Currently, legislators craft maps that involve absurd line drawing in order for politicians to insulate themselves from public accountability, as can be seen in the map below of
Maryland’s 3rd Congressional district. Without the possibility of judicial review, there is no reason politicians will have to follow even the most basic intuitive criteria, such as contiguity. Non-justiciability amounts to a free-for-all.

Maryland US Congressional District 3 (since 2013)

Politicians around the country will use all the information in their voter files and all the tricks of big data to ensure that the will of the people is irrelevant to determining who represents them. As well as the 10:3 split in North Carolina, we should expect to see a 18:0 split in Illinois if the Court holds that partisan gerrymandering in non-justiciable—anyone who thinks Mike Madigan will care about traditional districting criteria (other than the mandatory one-person-one-vote requirement) if the courthouse door is closed to complaints about partisan gerrymandering is a fool.

Disproportionate angst over proportional representation

The hardest question in partisan gerrymandering is how one can definitively say whether a district map or a statewide map is fair or unfair without simply relying on the fact that it fails to deliver proportional representation. Of course, proportional representation sounds appealing, but individual House members represent distinct geographic areas and are elected on a “first past the post” basis—both factors are likely to produce non-proportional outcomes from time to time, even without deliberate partisan bias.

Although Paul Clement is a gifted advocate, we thought that Justice Alito actually expressed North Carolina’s argument most effectively:

Justice Alito: But, if you have 24,000 maps that satisfy all of the so-called neutral criteria that you put in your computer program, don’t you need a criterion or criteria for deciding which of the 24,000 maps you’re going to choose? And implicit in Justice Kagan’s comments is the idea, is it not, that you have to choose one that honors proportional representation?

To confirm our impression that proportional representation was the issue of the day, we broke the transcript in Rucho down into two word ngrams. Excluding the names of the justices, the most frequent 2grams (two-word ngrams) are illustrated below, with larger words being more frequent.

ScotusOA.com: Most frequent word pairings in Rucho v. Common Cause oral argument.

“Proportional representation” was mentioned 44 times in Rucho, whereas the next most common 2grams, “North Carolina” and “majority votes”, were mentioned only 14 and 11 times, respectively. Proportional representation was also the most common 2gram in Lamone v. Benisek, where it was only mentioned 12 times.

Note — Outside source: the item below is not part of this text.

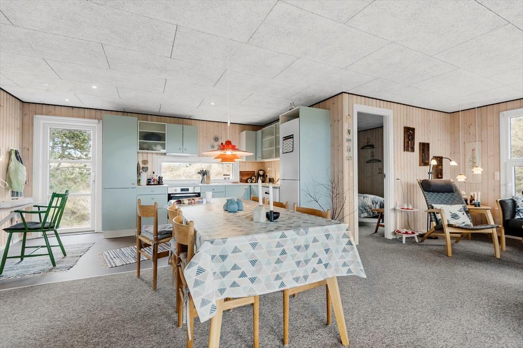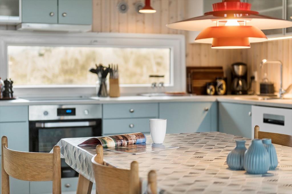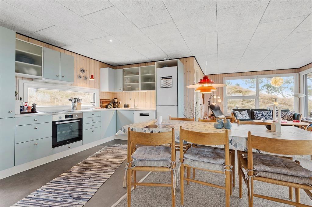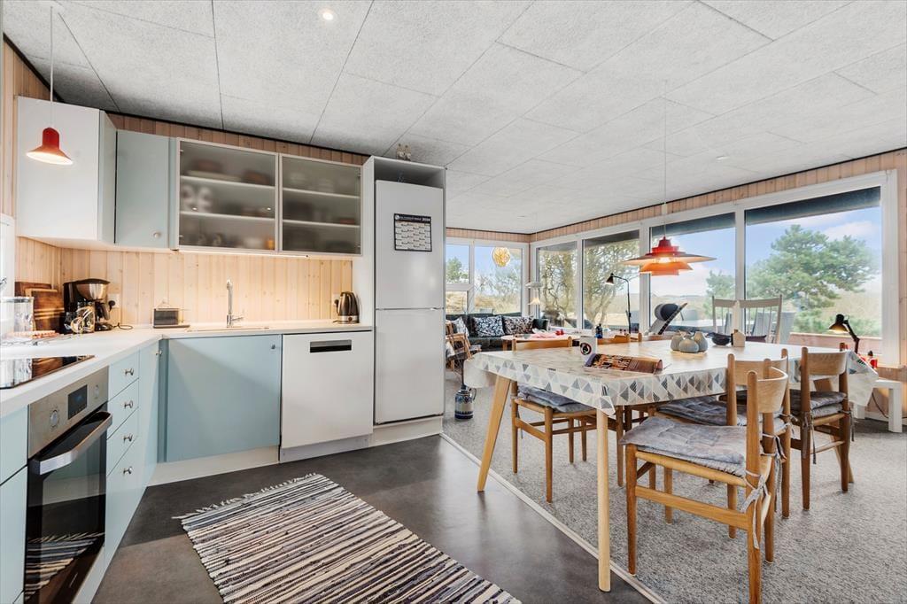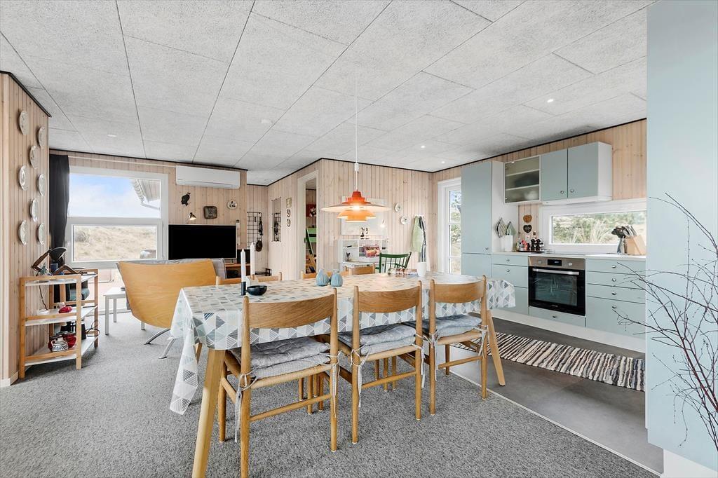 Das Ferienhaus hat eine schöne Lage in den Dünen, so dass du direkt auf die sanften Gräser und die gewundenen Kiefern blicken kannst, aber auch über die Umgebung hinaus. Besonders im Wohnzimmer sorgen die großen Fenster dafür, dass Licht und Natur hereinströmen, und auch wenn du drinnen entspannst, wirst du daran erinnert, dass du weit weg vom Alltag bist. Sowohl die Sofaecke als auch der Esstisch sind gemütliche Treffpunkte, und wenn ihr in der Familie gerne kocht, könnt ihr problemlos mehrere Personen in der offenen Küche unterbringen, um knackigen Salat zu schneiden oder duftende Eintöpfe zuzubereiten.

For all the angst over proportional representation, the quandary is overstated. The answer to the proportional representation question is surely that in a representative democracy with a constitutional guarantee of equal protection, we are all entitled to have our votes aggregated according to fair and reasonable criteria. A fair process will lead to something close to proportional representation in most cases, but not inevitably: respecting natural and political geography can lead to something different without violating the Constitution.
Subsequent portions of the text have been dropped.